Exercise objective -
Nothing but the pictures may be dropped; the rest of the listing is to be written out exactly.

Data segment -
┏━━

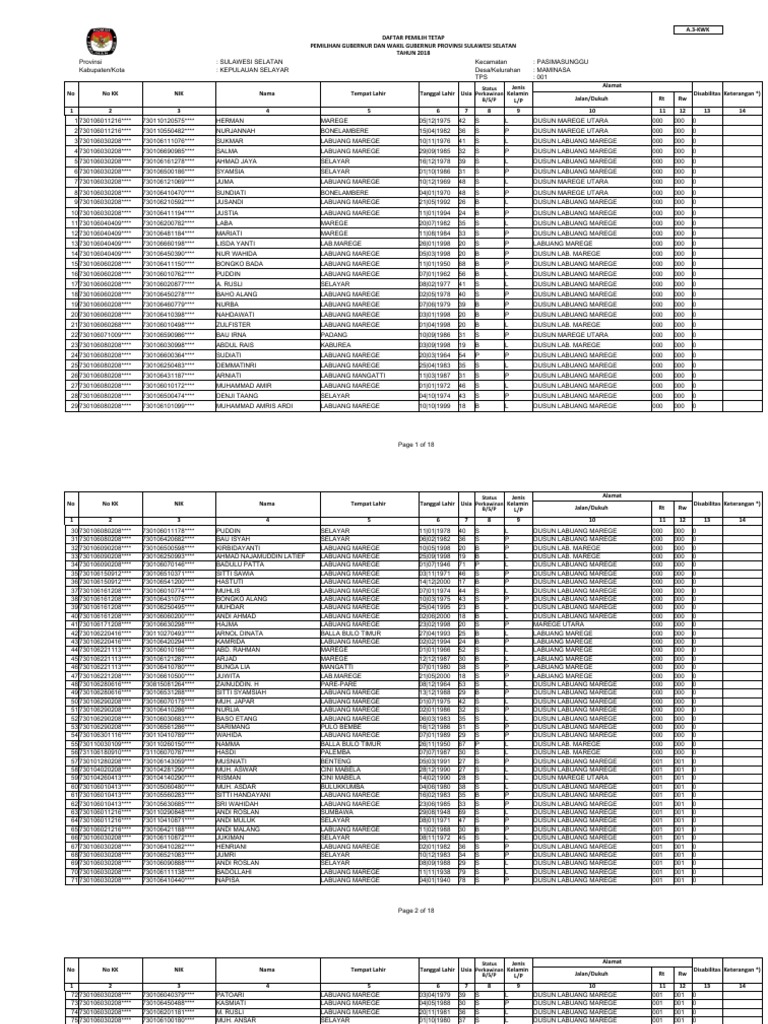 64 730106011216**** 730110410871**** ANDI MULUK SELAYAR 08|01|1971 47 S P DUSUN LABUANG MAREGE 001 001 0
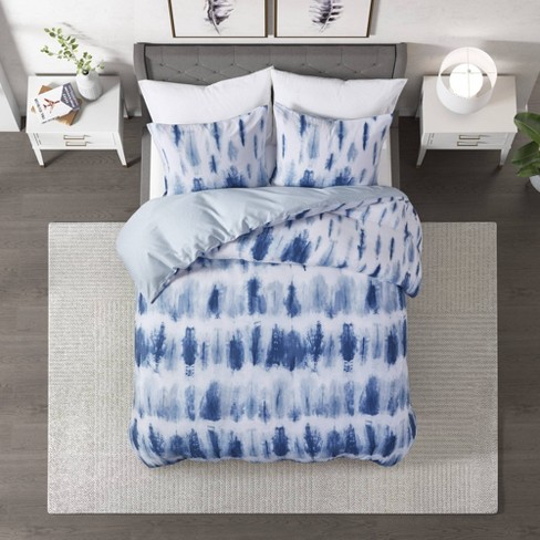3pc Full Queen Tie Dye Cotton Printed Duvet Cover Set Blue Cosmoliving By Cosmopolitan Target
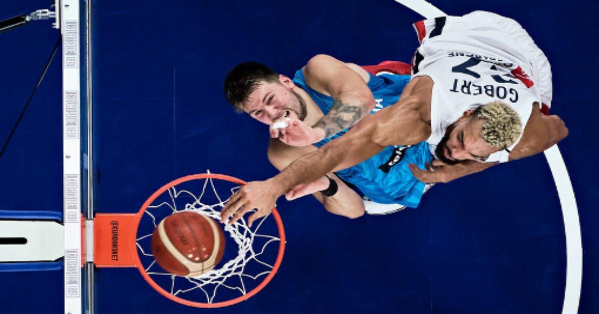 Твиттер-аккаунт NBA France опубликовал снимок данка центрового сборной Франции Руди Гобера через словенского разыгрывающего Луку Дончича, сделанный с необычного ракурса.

┗━━

Response -
 64 730106011216**** 730110410871**** ANDI MULUK SELAYAR 08|01|1971 47 S P DUSUN LABUANG MAREGE 001 001 0
3pc Full Queen Tie Dye Cotton Printed Duvet Cover Set Blue Cosmoliving By Cosmopolitan Target
 Твиттер-аккаунт NBA France опубликовал снимок данка центрового сборной Франции Руди Гобера через словенского разыгрывающего Луку Дончича, сделанный с необычного ракурса.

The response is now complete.